Approximately 150 astronomers from around the country will
gather at the University of Chicago for a workshop April 2 to 5 to
ponder what sort of orbiting telescope should probe the universe at
optical and ultraviolet wavelengths once the Hubble Space Telescope’s
two-decade mission ends in 2010.

The workshop, titled “Hubble’s Science Legacy: Future
Optical-Ultraviolet Astronomy from Space,” is sponsored by the
Association of Universities for Research in Astronomy, the National
Aeronautics and Space Administration and the European Space Agency.

“For more than a decade the Hubble Telescope has been one of
the workhorses of astronomy,” said Michael Turner, a workshop
organizer and the Bruce and Diana Rauner Professor in Astronomy &
Astrophysics at the University of Chicago. “It has more than exceeded
the high expectations that everyone had for it, and it made
discoveries from our own backyard to the edge of the universe.”

Astronomers will meet at the workshop to devise a concept for
a new space telescope that will complement the Next Generation Space
Telescope and the ground-based optical capabilities that already
exist.

“There have been other workshops over the course of the last
15 years concerning the scientific case for the next step. The Next
Generation Space Telescope emerged from such a planning process,”
said Richard Kron, a conference organizer and Professor in Astronomy
& Astrophysics at the University of Chicago.
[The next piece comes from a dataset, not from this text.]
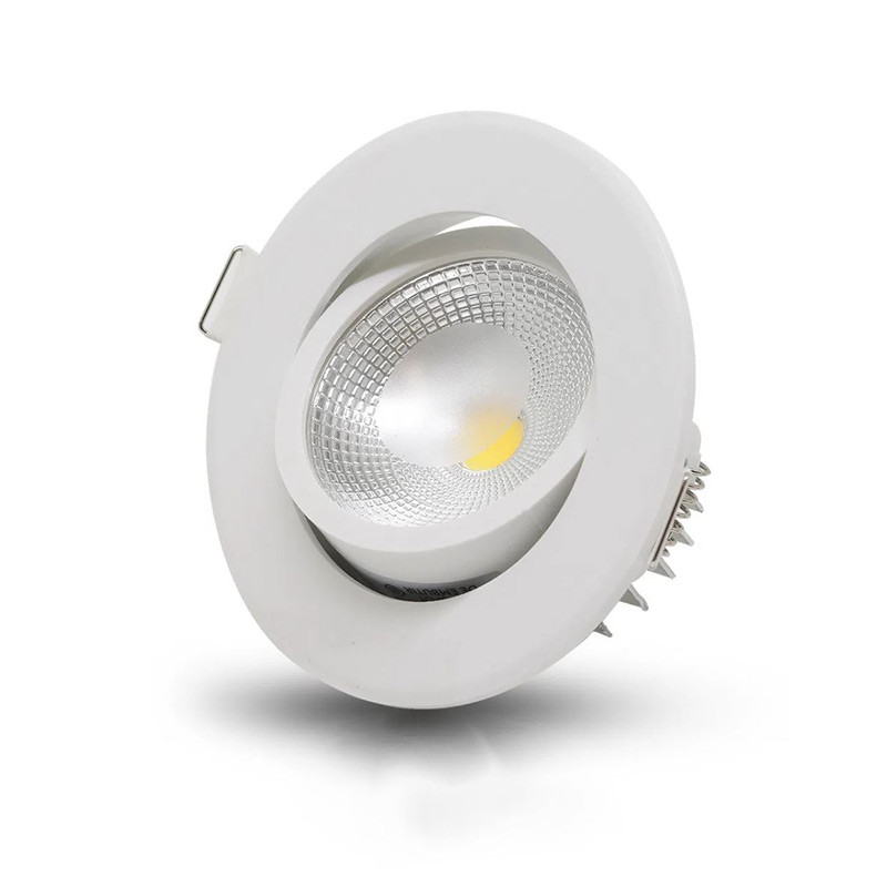 Downlight Led redondo de 5W orientable, con marco en color blanco.

The Next Generation Telescope, scheduled for launch in 2009, will
scan the skies at infrared wavelengths. The Hubble Telescope studies
the universe at optical and ultraviolet wavelengths.

Hubble’s successor could go in any of several directions,
Turner said. One possibility is a wide-vision version of the Hubble
Telescope. Hubble itself peers deeply into only a small part of the
sky.

“Maybe you want to emphasize the ultraviolet. Ultraviolet is
something you just can’t do from Earth because of the atmosphere,”
Turner said. “The key thing is to find a concept that uses the
advantages of space -clarity of vision, good weather and 24-hour
viewing-and synergies with
the optical capabilities that will exist on the ground.”

Workshop participants will face some challenging issues, Kron said.

“You’ve got to think about the synergy between what this
thing could do and what all the many other experiments could do,”
Kron said. “It’s a tough problem, looking 20 years ahead, given that
things are so rapidly changing.”

“Hubble’s Science Legacy” is the second forward-looking
science workshop that the University of Chicago has hosted this year.
In January, approximately 200 particle physicists attended a linear
collider workshop in Chicago to discuss the possible construction of
a linear collider a decade from now. If built, the linear collider
would succeed the Large Hadron Collider, which is under construction
at CERN, the European Laboratory for Particle Physics.